How to complete this task :: Go through the data below. List every line that holds the word "Deze".
(Records for processing)
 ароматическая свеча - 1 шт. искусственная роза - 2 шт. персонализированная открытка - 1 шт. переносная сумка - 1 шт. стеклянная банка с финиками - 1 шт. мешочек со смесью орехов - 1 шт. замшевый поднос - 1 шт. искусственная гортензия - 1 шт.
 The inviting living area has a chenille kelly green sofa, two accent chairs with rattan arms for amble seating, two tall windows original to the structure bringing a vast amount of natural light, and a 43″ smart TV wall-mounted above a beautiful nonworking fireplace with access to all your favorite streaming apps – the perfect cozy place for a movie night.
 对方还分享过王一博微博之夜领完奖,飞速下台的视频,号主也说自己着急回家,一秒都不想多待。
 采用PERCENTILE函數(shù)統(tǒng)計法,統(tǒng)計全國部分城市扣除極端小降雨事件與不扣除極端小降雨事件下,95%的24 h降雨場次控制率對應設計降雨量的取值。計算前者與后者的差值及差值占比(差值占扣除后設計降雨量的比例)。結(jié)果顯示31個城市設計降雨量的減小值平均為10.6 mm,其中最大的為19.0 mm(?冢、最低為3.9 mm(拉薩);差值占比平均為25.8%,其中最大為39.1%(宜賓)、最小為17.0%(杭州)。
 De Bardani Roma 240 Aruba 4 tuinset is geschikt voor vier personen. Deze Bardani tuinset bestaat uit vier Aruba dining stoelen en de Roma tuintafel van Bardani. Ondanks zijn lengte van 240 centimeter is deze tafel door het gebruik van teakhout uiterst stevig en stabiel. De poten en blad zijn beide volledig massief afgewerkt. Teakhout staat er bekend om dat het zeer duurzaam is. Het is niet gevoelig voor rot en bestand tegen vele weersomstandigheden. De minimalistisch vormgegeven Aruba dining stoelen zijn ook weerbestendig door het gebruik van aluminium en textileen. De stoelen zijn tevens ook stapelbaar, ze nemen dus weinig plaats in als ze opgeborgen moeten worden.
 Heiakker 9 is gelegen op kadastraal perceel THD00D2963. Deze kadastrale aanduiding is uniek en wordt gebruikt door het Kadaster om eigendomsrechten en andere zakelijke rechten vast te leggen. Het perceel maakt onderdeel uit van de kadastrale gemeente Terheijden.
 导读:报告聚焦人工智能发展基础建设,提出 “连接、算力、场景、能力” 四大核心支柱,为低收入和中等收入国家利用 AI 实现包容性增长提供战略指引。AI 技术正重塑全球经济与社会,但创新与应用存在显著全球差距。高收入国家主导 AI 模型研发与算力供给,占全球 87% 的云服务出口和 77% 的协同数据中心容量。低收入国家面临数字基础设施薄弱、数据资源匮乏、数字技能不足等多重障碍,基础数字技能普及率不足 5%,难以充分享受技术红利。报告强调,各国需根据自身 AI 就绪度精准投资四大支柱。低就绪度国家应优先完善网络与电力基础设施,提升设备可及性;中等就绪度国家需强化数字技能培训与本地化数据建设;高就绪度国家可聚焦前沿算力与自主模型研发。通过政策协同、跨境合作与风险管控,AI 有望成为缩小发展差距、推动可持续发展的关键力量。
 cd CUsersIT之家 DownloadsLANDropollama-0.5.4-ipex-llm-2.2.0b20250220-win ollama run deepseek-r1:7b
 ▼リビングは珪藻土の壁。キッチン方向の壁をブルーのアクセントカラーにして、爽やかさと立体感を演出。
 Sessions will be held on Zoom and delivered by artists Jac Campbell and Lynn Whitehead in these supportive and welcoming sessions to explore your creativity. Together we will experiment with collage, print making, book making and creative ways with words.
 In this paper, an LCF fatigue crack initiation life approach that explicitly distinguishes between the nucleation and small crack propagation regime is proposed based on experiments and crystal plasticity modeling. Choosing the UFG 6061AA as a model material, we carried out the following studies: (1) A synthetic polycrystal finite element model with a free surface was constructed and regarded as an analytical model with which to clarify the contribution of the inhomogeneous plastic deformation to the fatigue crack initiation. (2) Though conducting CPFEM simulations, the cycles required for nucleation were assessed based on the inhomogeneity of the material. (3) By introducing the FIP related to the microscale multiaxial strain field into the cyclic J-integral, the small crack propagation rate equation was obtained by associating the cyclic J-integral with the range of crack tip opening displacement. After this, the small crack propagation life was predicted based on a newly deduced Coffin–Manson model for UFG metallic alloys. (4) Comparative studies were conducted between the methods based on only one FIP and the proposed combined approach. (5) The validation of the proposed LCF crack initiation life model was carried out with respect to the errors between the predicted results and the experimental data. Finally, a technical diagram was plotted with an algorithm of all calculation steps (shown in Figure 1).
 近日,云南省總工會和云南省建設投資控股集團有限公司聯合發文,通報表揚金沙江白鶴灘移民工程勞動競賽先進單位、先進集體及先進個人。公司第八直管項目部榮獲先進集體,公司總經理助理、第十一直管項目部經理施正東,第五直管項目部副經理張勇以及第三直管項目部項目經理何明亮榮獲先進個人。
(End Records for processing)
Your response ::
 De Bardani Roma 240 Aruba 4 tuinset is geschikt voor vier personen. Deze Bardani tuinset bestaat uit vier Aruba dining stoelen en de Roma tuintafel van Bardani. Ondanks zijn lengte van 240 centimeter is deze tafel door het gebruik van teakhout uiterst stevig en stabiel. De poten en blad zijn beide volledig massief afgewerkt. Teakhout staat er bekend om dat het zeer duurzaam is. Het is niet gevoelig voor rot en bestand tegen vele weersomstandigheden. De minimalistisch vormgegeven Aruba dining stoelen zijn ook weerbestendig door het gebruik van aluminium en textileen. De stoelen zijn tevens ook stapelbaar, ze nemen dus weinig plaats in als ze opgeborgen moeten worden.
 Heiakker 9 is gelegen op kadastraal perceel THD00D2963. Deze kadastrale aanduiding is uniek en wordt gebruikt door het Kadaster om eigendomsrechten en andere zakelijke rechten vast te leggen. Het perceel maakt onderdeel uit van de kadastrale gemeente Terheijden.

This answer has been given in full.